=== Given information ===

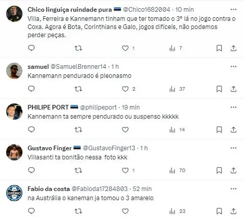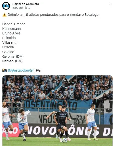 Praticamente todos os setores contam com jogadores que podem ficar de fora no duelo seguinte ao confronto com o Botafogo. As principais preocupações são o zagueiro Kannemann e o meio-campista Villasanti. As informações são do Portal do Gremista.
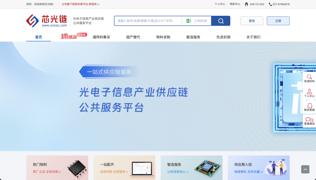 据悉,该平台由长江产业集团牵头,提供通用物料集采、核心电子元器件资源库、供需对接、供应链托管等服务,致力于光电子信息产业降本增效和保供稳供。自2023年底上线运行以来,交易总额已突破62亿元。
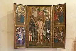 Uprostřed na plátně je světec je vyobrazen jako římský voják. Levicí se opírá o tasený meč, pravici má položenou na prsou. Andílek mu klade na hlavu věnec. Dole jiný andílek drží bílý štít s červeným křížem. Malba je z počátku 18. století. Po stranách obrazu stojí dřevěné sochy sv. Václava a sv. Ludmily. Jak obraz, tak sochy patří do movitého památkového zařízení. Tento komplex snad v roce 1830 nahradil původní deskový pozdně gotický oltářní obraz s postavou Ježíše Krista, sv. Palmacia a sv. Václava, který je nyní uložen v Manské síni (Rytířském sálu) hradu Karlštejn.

===

Activity:
Please set down the whole listing exactly, apart from the pictures.

Exercise response:
 Praticamente todos os setores contam com jogadores que podem ficar de fora no duelo seguinte ao confronto com o Botafogo. As principais preocupações são o zagueiro Kannemann e o meio-campista Villasanti. As informações são do Portal do Gremista.
 据悉,该平台由长江产业集团牵头,提供通用物料集采、核心电子元器件资源库、供需对接、供应链托管等服务,致力于光电子信息产业降本增效和保供稳供。自2023年底上线运行以来,交易总额已突破62亿元。
 Uprostřed na plátně je světec je vyobrazen jako římský voják. Levicí se opírá o tasený meč, pravici má položenou na prsou. Andílek mu klade na hlavu věnec. Dole jiný andílek drží bílý štít s červeným křížem. Malba je z počátku 18. století. Po stranách obrazu stojí dřevěné sochy sv. Václava a sv. Ludmily. Jak obraz, tak sochy patří do movitého památkového zařízení. Tento komplex snad v roce 1830 nahradil původní deskový pozdně gotický oltářní obraz s postavou Ježíše Krista, sv. Palmacia a sv. Václava, který je nyní uložen v Manské síni (Rytířském sálu) hradu Karlštejn.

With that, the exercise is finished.